Data for analysis:
----------------

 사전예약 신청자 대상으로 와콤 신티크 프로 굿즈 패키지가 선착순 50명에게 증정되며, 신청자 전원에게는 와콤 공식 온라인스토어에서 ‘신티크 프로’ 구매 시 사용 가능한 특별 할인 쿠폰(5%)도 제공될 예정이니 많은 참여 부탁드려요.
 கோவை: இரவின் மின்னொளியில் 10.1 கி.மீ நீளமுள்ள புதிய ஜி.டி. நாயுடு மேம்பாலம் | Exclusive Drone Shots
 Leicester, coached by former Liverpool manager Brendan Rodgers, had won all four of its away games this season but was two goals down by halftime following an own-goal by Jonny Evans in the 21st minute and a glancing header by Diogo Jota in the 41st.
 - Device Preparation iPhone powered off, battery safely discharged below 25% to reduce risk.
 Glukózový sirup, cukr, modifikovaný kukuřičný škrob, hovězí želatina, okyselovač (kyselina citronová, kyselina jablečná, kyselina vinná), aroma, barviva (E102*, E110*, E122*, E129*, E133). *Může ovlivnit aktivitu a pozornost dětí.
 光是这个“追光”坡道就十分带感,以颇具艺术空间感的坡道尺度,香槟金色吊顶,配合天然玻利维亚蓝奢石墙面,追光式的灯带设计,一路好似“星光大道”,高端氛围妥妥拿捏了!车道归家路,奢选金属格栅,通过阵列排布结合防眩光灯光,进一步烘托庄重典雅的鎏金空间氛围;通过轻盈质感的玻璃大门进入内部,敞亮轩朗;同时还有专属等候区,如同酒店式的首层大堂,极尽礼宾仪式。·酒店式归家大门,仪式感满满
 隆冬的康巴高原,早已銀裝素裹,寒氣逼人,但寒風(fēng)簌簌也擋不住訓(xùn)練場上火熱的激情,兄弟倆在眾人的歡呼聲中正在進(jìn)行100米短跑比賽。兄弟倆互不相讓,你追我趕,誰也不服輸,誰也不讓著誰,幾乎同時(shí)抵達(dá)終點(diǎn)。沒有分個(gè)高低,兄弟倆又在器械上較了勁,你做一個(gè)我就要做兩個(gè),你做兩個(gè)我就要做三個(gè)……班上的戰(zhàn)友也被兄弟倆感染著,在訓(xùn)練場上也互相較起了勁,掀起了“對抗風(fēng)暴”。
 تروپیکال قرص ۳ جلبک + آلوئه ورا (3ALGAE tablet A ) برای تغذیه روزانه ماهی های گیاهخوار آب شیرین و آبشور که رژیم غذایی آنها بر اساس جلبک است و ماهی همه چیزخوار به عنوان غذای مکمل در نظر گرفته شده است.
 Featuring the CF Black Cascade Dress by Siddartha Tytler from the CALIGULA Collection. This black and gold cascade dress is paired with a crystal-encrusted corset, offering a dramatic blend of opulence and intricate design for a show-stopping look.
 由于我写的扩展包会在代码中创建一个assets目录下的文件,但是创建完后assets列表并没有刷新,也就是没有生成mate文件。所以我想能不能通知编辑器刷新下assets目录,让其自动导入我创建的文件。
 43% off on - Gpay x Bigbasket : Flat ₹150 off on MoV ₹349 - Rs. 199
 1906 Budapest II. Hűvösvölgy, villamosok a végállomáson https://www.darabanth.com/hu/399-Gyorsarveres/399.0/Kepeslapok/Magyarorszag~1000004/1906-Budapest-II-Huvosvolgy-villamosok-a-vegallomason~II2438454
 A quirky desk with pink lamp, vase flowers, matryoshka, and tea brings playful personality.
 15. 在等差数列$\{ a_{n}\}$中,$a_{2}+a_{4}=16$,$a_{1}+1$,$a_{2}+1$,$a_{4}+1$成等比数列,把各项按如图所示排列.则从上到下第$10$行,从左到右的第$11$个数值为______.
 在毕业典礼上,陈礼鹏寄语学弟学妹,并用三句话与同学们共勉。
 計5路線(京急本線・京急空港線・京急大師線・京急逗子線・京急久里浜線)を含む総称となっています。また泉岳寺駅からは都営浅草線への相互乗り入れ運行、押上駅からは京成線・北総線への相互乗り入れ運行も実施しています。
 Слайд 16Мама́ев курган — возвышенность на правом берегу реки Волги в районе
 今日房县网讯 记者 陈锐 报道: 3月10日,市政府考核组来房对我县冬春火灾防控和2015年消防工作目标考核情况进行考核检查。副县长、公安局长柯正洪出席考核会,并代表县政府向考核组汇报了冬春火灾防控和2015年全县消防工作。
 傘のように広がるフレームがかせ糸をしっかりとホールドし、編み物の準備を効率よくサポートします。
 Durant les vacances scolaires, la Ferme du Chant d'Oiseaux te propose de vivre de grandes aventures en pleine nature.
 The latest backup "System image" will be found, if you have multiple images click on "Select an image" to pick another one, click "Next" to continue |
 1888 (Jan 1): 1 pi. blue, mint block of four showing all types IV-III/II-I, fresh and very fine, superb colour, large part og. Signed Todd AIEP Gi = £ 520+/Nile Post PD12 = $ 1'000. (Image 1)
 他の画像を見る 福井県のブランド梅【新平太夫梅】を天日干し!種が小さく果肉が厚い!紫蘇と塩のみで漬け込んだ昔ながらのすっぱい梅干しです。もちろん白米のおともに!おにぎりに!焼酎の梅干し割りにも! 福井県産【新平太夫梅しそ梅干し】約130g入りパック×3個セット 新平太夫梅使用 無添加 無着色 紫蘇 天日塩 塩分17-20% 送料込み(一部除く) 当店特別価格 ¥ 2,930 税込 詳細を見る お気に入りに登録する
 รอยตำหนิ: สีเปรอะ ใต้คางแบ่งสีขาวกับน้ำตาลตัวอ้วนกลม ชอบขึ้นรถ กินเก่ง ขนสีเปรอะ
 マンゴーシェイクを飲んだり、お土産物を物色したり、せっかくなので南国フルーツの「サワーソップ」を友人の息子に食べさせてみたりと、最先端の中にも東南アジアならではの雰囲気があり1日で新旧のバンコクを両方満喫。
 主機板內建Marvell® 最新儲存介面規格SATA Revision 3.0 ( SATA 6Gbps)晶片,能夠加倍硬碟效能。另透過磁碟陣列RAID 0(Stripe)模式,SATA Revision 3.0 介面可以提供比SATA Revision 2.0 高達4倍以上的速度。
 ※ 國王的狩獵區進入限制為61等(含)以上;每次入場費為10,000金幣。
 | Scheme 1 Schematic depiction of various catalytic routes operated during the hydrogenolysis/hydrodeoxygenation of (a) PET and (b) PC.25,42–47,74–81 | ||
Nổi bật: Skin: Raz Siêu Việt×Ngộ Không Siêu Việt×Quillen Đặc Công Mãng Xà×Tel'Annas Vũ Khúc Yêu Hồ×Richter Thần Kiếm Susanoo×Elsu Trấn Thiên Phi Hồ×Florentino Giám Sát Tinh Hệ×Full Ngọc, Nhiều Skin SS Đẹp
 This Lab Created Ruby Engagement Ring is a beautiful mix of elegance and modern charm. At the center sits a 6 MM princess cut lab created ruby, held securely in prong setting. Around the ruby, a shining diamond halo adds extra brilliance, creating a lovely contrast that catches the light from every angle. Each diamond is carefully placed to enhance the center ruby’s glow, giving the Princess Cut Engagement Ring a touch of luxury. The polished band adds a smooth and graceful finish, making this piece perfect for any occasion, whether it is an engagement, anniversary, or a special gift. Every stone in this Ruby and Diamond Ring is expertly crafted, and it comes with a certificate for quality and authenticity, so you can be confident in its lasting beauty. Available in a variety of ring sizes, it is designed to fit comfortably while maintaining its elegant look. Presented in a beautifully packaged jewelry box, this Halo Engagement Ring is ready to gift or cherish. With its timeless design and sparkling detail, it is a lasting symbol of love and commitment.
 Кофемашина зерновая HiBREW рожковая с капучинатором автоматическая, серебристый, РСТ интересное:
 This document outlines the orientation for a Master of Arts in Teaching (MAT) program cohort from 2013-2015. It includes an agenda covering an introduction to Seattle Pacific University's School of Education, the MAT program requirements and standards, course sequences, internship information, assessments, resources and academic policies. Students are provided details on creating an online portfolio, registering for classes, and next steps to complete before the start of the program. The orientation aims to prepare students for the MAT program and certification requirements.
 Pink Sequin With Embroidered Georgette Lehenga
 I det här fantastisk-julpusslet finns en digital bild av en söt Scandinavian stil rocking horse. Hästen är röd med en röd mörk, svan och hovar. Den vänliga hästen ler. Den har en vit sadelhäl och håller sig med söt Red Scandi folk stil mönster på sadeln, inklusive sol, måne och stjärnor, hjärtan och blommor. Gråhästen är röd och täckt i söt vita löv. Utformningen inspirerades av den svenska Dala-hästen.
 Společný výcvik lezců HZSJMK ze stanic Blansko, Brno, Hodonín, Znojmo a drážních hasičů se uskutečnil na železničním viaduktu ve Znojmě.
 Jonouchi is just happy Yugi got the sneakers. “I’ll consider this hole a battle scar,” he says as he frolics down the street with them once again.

----------------

Problem requirements:
In the data above, find the line with "マンゴーシェイクを飲んだり、" and the line with "Nổi bật: Skin: Raz". Retype both, plus every line between them, exactly.

Reply:
 マンゴーシェイクを飲んだり、お土産物を物色したり、せっかくなので南国フルーツの「サワーソップ」を友人の息子に食べさせてみたりと、最先端の中にも東南アジアならではの雰囲気があり1日で新旧のバンコクを両方満喫。
 主機板內建Marvell® 最新儲存介面規格SATA Revision 3.0 ( SATA 6Gbps)晶片,能夠加倍硬碟效能。另透過磁碟陣列RAID 0(Stripe)模式,SATA Revision 3.0 介面可以提供比SATA Revision 2.0 高達4倍以上的速度。
 ※ 國王的狩獵區進入限制為61等(含)以上;每次入場費為10,000金幣。
 | Scheme 1 Schematic depiction of various catalytic routes operated during the hydrogenolysis/hydrodeoxygenation of (a) PET and (b) PC.25,42–47,74–81 | ||
Nổi bật: Skin: Raz Siêu Việt×Ngộ Không Siêu Việt×Quillen Đặc Công Mãng Xà×Tel'Annas Vũ Khúc Yêu Hồ×Richter Thần Kiếm Susanoo×Elsu Trấn Thiên Phi Hồ×Florentino Giám Sát Tinh Hệ×Full Ngọc, Nhiều Skin SS Đẹp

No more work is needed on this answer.